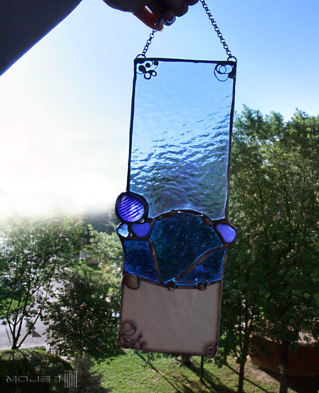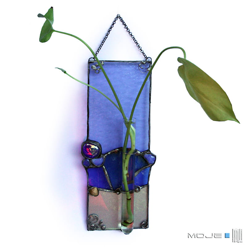 Witrażowy wiszący dekor, który może być pięknym wspomnieniem z wakacji a także... wazonikiem.
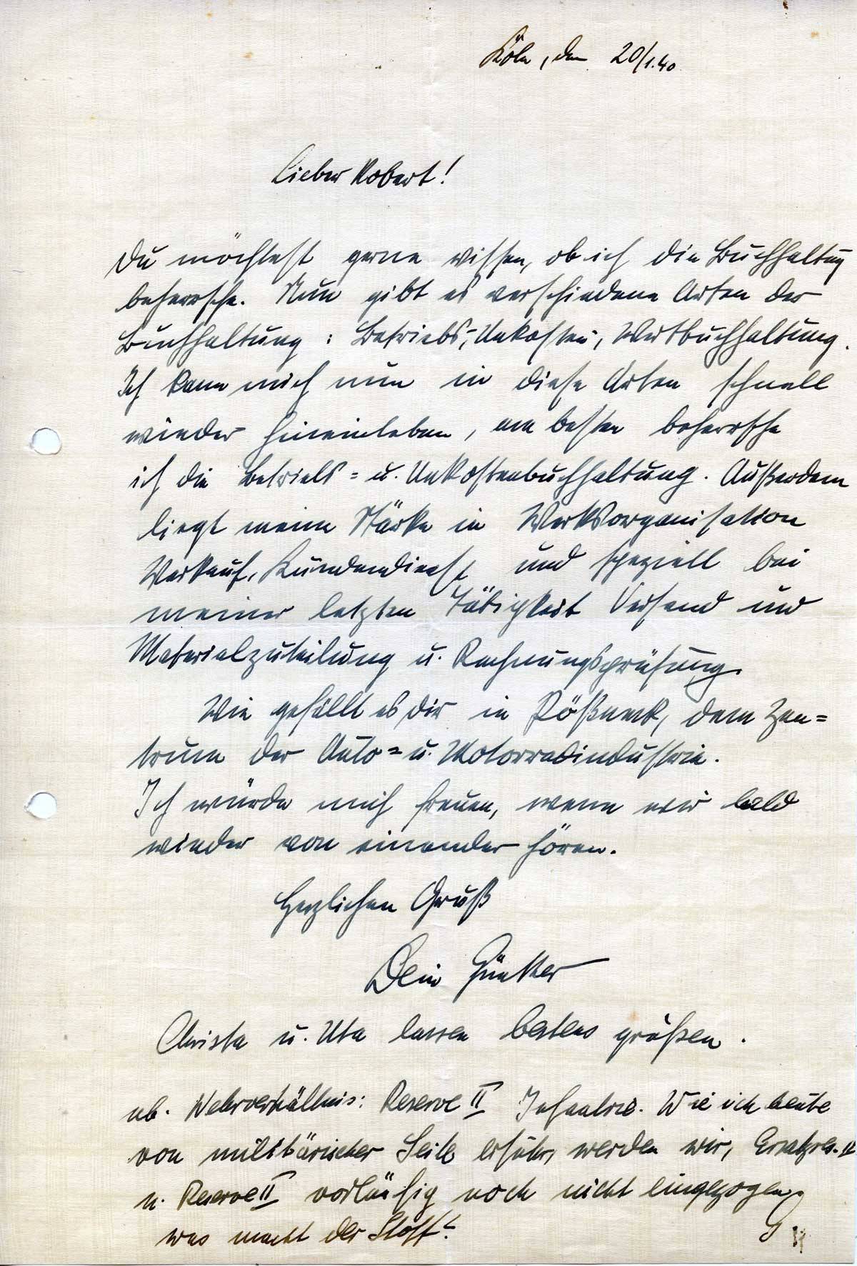 Günther Lehmacher an Schwager Robert Weichelt, 20. Januar 1940
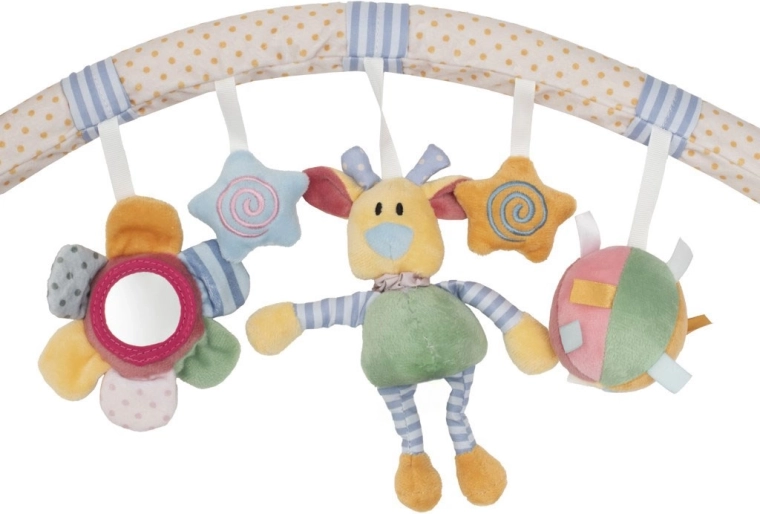 Schattige speelboog voor de kinderwagen met motieven van bloemen, een beertje en sterretjes van BABY MIX die elk kleintje zal verrukken. Dankzij twee clips bevestig je hem eenvoudig aan een kinderwagen, wipstoel of autostoeltje. Vrolijke kleuren en zachte pluchen materialen stimuleren de zintuigen, ondersteunen de fijne motoriek en zorgen voor vermaak onderweg en thuis.
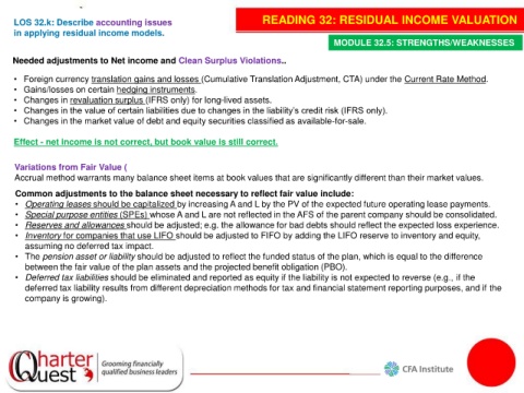 LOS 32.k: Describe accounting issues READING 32: RESIDUAL INCOME VALUATION

▶ **The task**
Keep the pictures out of the copy and return the rest of the data above exactly.

▶ **Answer box**
 Witrażowy wiszący dekor, który może być pięknym wspomnieniem z wakacji a także... wazonikiem.
 Günther Lehmacher an Schwager Robert Weichelt, 20. Januar 1940
 Schattige speelboog voor de kinderwagen met motieven van bloemen, een beertje en sterretjes van BABY MIX die elk kleintje zal verrukken. Dankzij twee clips bevestig je hem eenvoudig aan een kinderwagen, wipstoel of autostoeltje. Vrolijke kleuren en zachte pluchen materialen stimuleren de zintuigen, ondersteunen de fijne motoriek en zorgen voor vermaak onderweg en thuis.
 LOS 32.k: Describe accounting issues READING 32: RESIDUAL INCOME VALUATION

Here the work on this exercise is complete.